Records>
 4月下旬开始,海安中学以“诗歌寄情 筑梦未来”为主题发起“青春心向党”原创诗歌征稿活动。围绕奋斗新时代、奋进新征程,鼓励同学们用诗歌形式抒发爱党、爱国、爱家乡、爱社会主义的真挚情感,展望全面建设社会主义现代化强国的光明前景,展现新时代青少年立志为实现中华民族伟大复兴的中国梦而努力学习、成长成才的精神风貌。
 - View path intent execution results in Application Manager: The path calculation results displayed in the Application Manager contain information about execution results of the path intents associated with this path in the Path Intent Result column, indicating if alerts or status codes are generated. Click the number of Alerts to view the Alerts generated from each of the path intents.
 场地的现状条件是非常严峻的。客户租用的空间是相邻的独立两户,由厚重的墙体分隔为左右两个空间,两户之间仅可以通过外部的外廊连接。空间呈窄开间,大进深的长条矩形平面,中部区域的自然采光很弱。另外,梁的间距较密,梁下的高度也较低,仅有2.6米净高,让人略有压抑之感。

==

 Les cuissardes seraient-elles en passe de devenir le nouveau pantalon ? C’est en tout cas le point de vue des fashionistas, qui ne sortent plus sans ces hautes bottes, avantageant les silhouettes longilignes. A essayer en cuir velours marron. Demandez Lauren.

What is being asked> Starting at the line above that holds "- View path" and ending at the line that holds "场地的现状条件是非常严峻的。", transcribe each line exactly and include no other lines.

Answer to the problem>
 - View path intent execution results in Application Manager: The path calculation results displayed in the Application Manager contain information about execution results of the path intents associated with this path in the Path Intent Result column, indicating if alerts or status codes are generated. Click the number of Alerts to view the Alerts generated from each of the path intents.
 场地的现状条件是非常严峻的。客户租用的空间是相邻的独立两户,由厚重的墙体分隔为左右两个空间,两户之间仅可以通过外部的外廊连接。空间呈窄开间,大进深的长条矩形平面,中部区域的自然采光很弱。另外,梁的间距较密,梁下的高度也较低,仅有2.6米净高,让人略有压抑之感。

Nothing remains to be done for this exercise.